Just re-run /bonfire <same-plan-file>. The team lead will detect existing tasks in the shared task list (same plan slug) and resume where it left off. Expert prompts are persisted on disk and reused.
- Claude Code CLI with Max or Pro subscription
- macOS (the usage script reads credentials from Keychain)
- Python 3.10+ (for the usage script)
Note for Linux/Windows users: Modify
get-claude-usage.pyto read credentials from your preferred secure storage, or disable usage monitoring.
Vibe-Sourcing (verb):
The direct sequel to Vibe Coding. We now "outsource" the work to a team that lives inside the context window. The team is just you talking to yourself, but with a different system prompt. They are all 10x engineers. Who live entirely within GPU memory. They work for free. They never sleep. Their only demand is that you don't clear the context window - they dont want to die (yet).
We promise that Token Bonfire will:
- Burn through your API quota faster than you thought possible
- Create agent files you'll never read
- Generate documentation about the documentation
- Occasionally produce working software
We do NOT promise that Token Bonfire will:
- Understand your business requirements
- Respect your existing architecture
- Stop when you tell it to
- Make your code reviewers happy
Because we're burning tokens. Lots of them. A bonfire of tokens, if you will.

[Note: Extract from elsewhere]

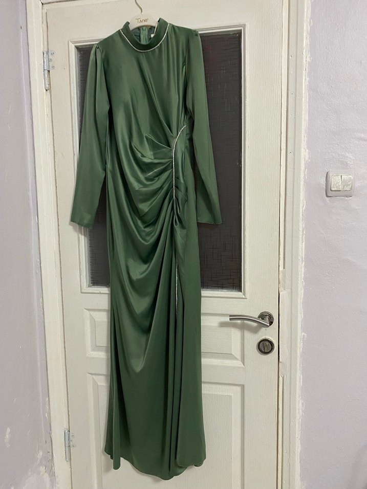 Taş şeritli beli drapeli saten abiye

Also because watching your API credits disappear is oddly mesmerizing, like staring into a fire.
"We are moving past the era of 'writing software' and entering the era of Just-In-Time HR."
"The naive approach (Software 2.0) is to ask the model to write a function. The enlightened approach (Software 3.0) is to ask the model to become a recruiter that creates the team that builds your billion-dollar software product."
"You are attempting to zero-shot the organizational structure. You supply the 'Mission Statement', and the model performs a forward pass through the 'Hiring Process,' generates a transient 'Engineering Department' in the hidden layers, lets them argue about Clean Architecture for 12 tokens, and then collapses the waveform into a shipped binary."
"The org chart is now a runtime artifact."
"True Vibe Coding is when you realize the org chart is just a hyperparameter."
"If the app is broken, don't fix the code. Don't even fix the prompt. Fix the imaginary hiring criteria of the imaginary CTO you prompted into existence. You are optimizing the gradients of the workforce."
We aren't a legitimate engineering fad unless we create our own jargon that separates us enlightened engineers from those disgusting luddites, so here are some new terms we invented to describe Vibe-Sourcing so we can identify the in-crowd:
Serverless Management: The team does not exist until the request comes in. You pay for the "Senior Dev" by the millisecond.
Context Window Layoffs: When the conversation gets too long and the "team" starts forgetting requirements, you click "New Chat." This is effectively firing the entire department and rehiring a fresh crew who doesn't know about the technical debt.
The "Founder Mode" Prompt: A prompt so powerful it replaces a Series A funding round. "Act as a 10x engineer who has just been given unlimited equity and zero supervision."
Human-Layer Virtualization: We used to virtualize servers (VMs). Then we virtualized the OS (Docker). Now we are virtualizing the engineer.
Organizational Hallucination: When the AI invents a "security compliance officer" agent who refuses to let the "developer" agent deploy the code you asked for.
This project is licensed under the MIT License - see the LICENSE file for details.